NDA Viewpoints: Voice – from crap wizard to personalised genie

Following  The World Federation of Advertisers launch of its Voice Coalition, NDA is running a series of articles looking at the future of voice commerce, asking industry experts for their views on its opportunities.

By Charlie Cadbury, CEO and co-founder, Say It Now

This year’s Cog X (the Festival of AI and Emerging Technology) provided me with my current favourite quote. Grace Boswood Karthi, COO for the BBC’s Design and Engineering team, noted that we’re in ‘the crap wizard’ phase of voice – meaning that, while we know that our smart speakers can do a lot, we don’t know the ‘spells’, the right words to say to make ‘Alexa’ or ‘OK Google’ do the thing.

For many, the assistants are limited to delivering simple tasks, a ‘glorified switch’ if you like that lets people turn lights on and off and select music to play without having to press any buttons.   It’s a bit like the early days of computing when there was only a blank command line and users needed to know what to type to produce any meaningful results.

However, voice differs in two key ways: rapid adoption (smart speakers are the fastest selling consumer good ever) and peoples’ willingness to try it, meaning it’s being used by the masses – search by voice for example is very much on the rise.

Looking into the not-too-distant future, the platform (Google Assistant, Amazon Alexa, Microsoft Cortana, Samsung’s Bixby) that creates the highly personalised go-to assistant gets to know all about each individual and becomes a trusted advisor, ultimately having the power to nudge each of us towards products and services of its choosing.  This makes it a winner takes all race.

The platforms, acutely aware of their current limitations, are working at breakneck speed to augment core functionality and reduce friction to beat off the competition. 

There is a vast array of challenges to solve, not least the complexity of language, but the major platforms continually progress new support in the form of increasing the functionality and robustness of responses; this is released to the developer community and supported to maturity.   Looking at the Alexa platform for example the following are currently core areas:

Conversations:  This will allow Alexa to deal with much of the nuanced engagement required to anticipate how a conversation will flow between the initial user request and the final outcome delivered.  As a result it will be far easier for a company to create certain functionality when developing a skill.

Name-free skill interaction (NFSI): At the moment using a skill requires asking for it by name,  ‘Alexa, open Talisker Tasting’ (the skill Say It Now’ developed for Diageo) for example. NFSI will allow people to speak more naturally to their assistant, getting tasks completed without having to remember the name of a specific skill.

Cross-skill actions: For more complex tasks, like planning a night out including taxi rides, restaurants and possibly a club it might be necessary to switch between skills; this functionality will enable that.

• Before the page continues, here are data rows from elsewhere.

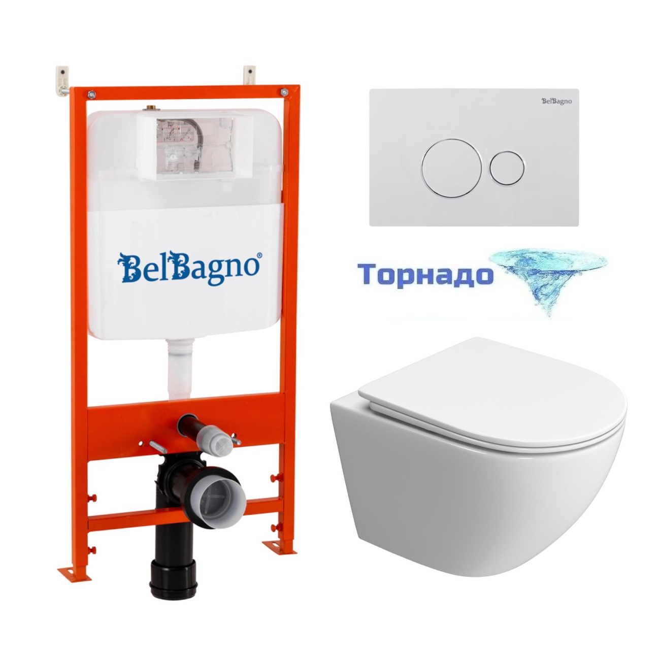 Инсталляция с подвесным унитазом комплект: BelBagno Uno BB5177CH-TOR/SC/BB026/BB082BL с подвесным безободковым унитазом, сиденье микролифт, крепление, кнопка смыва белая (система смыва торнадо)
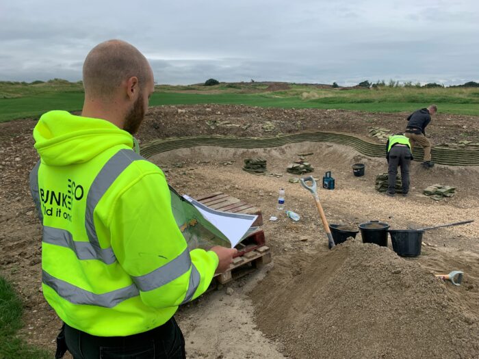 “We worked alongside a fantastic team to lay out the shape of the course and then brought in specialists to help with greens, bunkers and tees. EcoBunker have done an incredible job with the course’s main defence – the bunkers.”
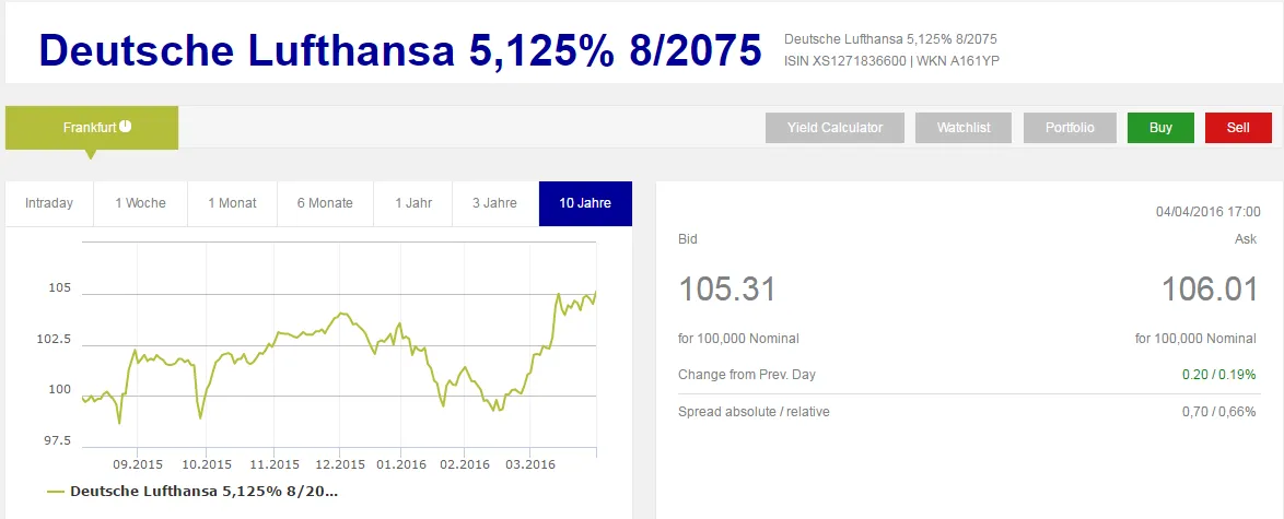Revisando las posiciones de un fondo de inversión he llegado a una emisión de bonos por la compañía alemana Lufthansa con un cupón de 5.125%. No está mal, ¿no? La sorpresa ha venido al descubrir la fecha de vencimiento, en agosto de 2075 .
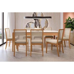 Mesa de Sala Jantar Mira Madeira Maciça c/ Tampo Madeirado c/ Vidro 200x100cm Carvalho/Off White/Vidro Off White - Kappesberg Abaixo segue os produtos do KIT: Mesa de Sala Jantar Mira Madeira Maciça c/ Tampo Madeirado c/ Vidro 200x100cm Carvalho/Off White/Vidro Off White - Kappesberg

And the attention being given to voice means the platforms are actually getting pretty good. A recent study (below) shows Google Assistant getting the answer to brand and product category questions (‘What is the longest lasting lipstick?’, ‘What is Brand X / BrandY?’, for example) right nine times out of ten. It’s also interesting to note that Google Assistant performs 11.5% better on a smartphone, where it can build a trusted and personalised view of what the user is trying to achieve, than a smart speaker (Google Home): 

Source: Voicebot.ai

This may all feel a bit ‘space-agey’ — but 20 years ago, who would have thought we’d have entrusted so much of our lives to a personal computer small enough to fit into our pocket?

We’re entering a new era where very, very slowly we will grow to trust our assistants a little more with each successful task completed, gradually delegating increasing amounts of ‘life admin’ to them. They will learn more and more in order to better anticipate our requests and serve our every desire.  From gradual beginnings, growth will then be exponential.

Looking back on the basic assistants we’ll realise we have graduated from crap wizards to being fully enabled by genie-like assistants able to deliver on our every wish. Say It Now is pretty excited about playing a part in creating this magic….